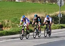 Over the next 70 kilometres (43 miles), the breakaway continued to build their lead over the peloton; with 100 kilometres (62 miles) to race, they had a lead of around six minutes, although Dal Col was dropped.[16] Shortly afterwards, the peloton climbed the Taaienberg, where Daniel Oss (BMC Racing Team), Matteo Trentin (Etixx–Quick-Step) and Matti Breschel (Tinkoff–Saxo) attacked and were soon joined by Tiesj Benoot (Lotto–Soudal). This breakaway was soon brought back by Team Katusha. Nairo Quintana was dropped during this period of racing and abandoned the race.[14] Tinkoff–Saxo, along with Team Sky, took up the chase in earnest and reduced the breakaway's lead to under two and a half minutes with 67 kilometres (42 miles) left. BMC Racing Team joined in the chase and halved the lead over the next 20 kilometres (12 miles). Van Ginneken was dropped, leaving three riders in the leading group.[16]
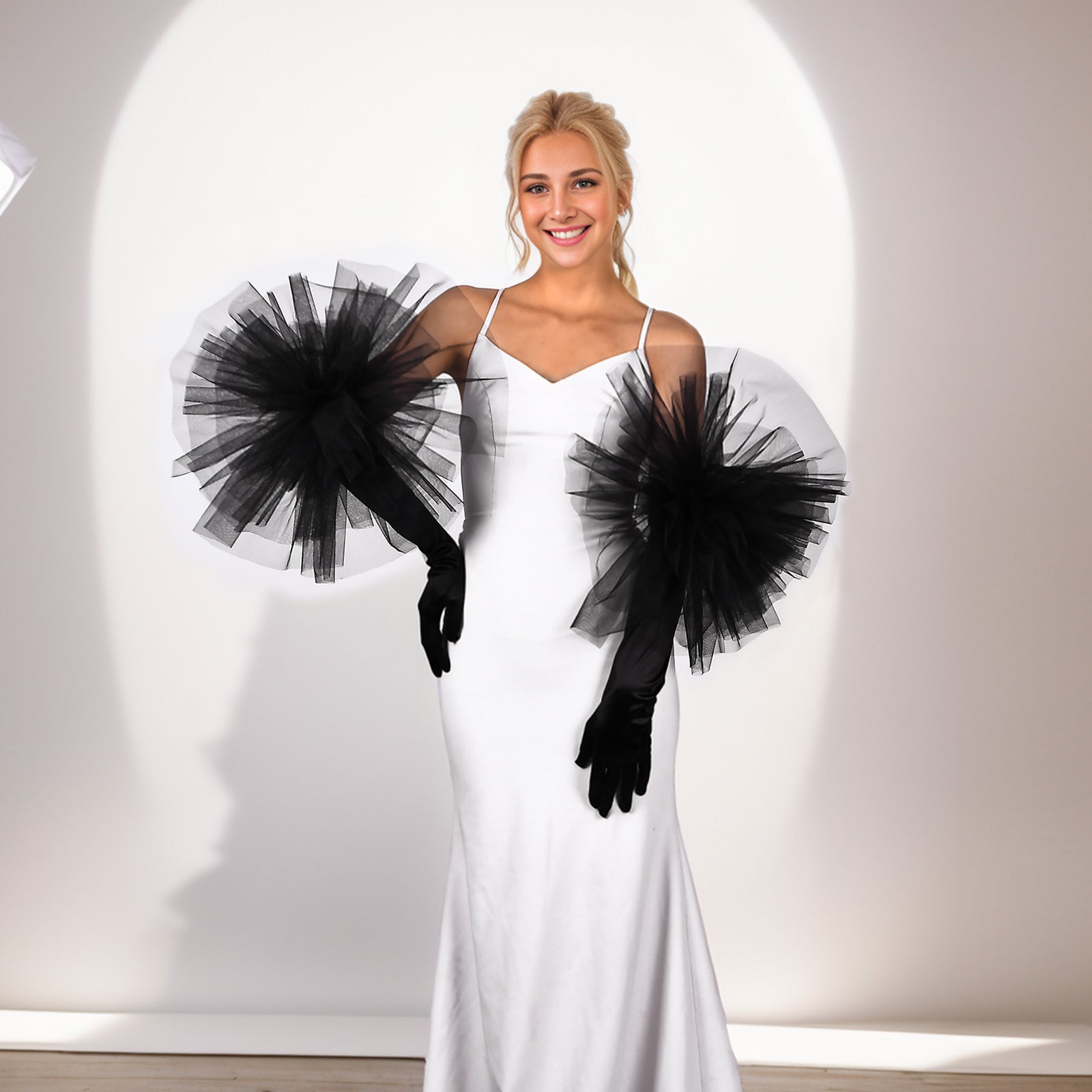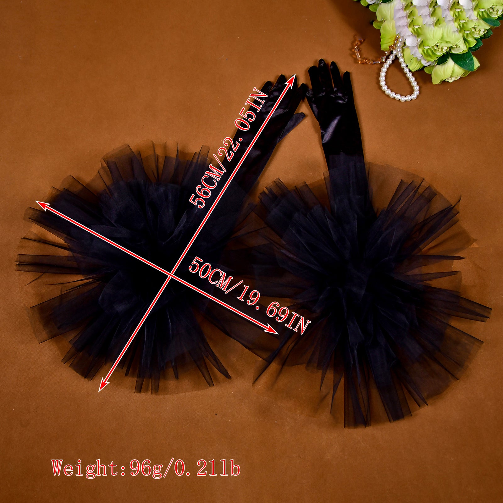 BRIDELLA BMM10 Gothic Black Large Flower Bridal Gloves Wedding Dress Wedding Accessories Stage Performance Props
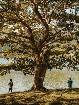 This work is an ode to patience and the silent connection between humanity and nature. The composition uses the imposing branched structure of a centuries-old tree as a natural frame that protects and envelops the fishermen on the shore, casting it as a timeless guardian of the landscape. The scene evokes a feeling of deep peace, where time seems to stand still under the shade, transforming a daily hobby into a moment of spiritual communion with the lakeside environment.
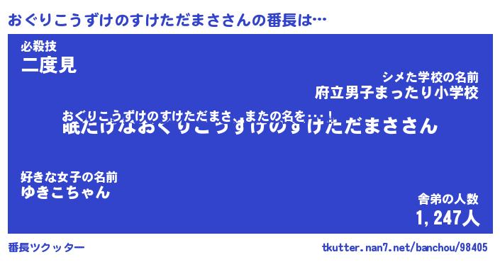 | 意味不明あだ名 | 『ペロリンおぐりこうずけのすけただまさ』 |

- **EXERCISE DIRECTIONS**:
All of the lines above should be printed exactly, minus the pictures.

- **TASK SOLUTION**:
 Over the next 70 kilometres (43 miles), the breakaway continued to build their lead over the peloton; with 100 kilometres (62 miles) to race, they had a lead of around six minutes, although Dal Col was dropped.[16] Shortly afterwards, the peloton climbed the Taaienberg, where Daniel Oss (BMC Racing Team), Matteo Trentin (Etixx–Quick-Step) and Matti Breschel (Tinkoff–Saxo) attacked and were soon joined by Tiesj Benoot (Lotto–Soudal). This breakaway was soon brought back by Team Katusha. Nairo Quintana was dropped during this period of racing and abandoned the race.[14] Tinkoff–Saxo, along with Team Sky, took up the chase in earnest and reduced the breakaway's lead to under two and a half minutes with 67 kilometres (42 miles) left. BMC Racing Team joined in the chase and halved the lead over the next 20 kilometres (12 miles). Van Ginneken was dropped, leaving three riders in the leading group.[16]
 BRIDELLA BMM10 Gothic Black Large Flower Bridal Gloves Wedding Dress Wedding Accessories Stage Performance Props
 This work is an ode to patience and the silent connection between humanity and nature. The composition uses the imposing branched structure of a centuries-old tree as a natural frame that protects and envelops the fishermen on the shore, casting it as a timeless guardian of the landscape. The scene evokes a feeling of deep peace, where time seems to stand still under the shade, transforming a daily hobby into a moment of spiritual communion with the lakeside environment.
 | 意味不明あだ名 | 『ペロリンおぐりこうずけのすけただまさ』 |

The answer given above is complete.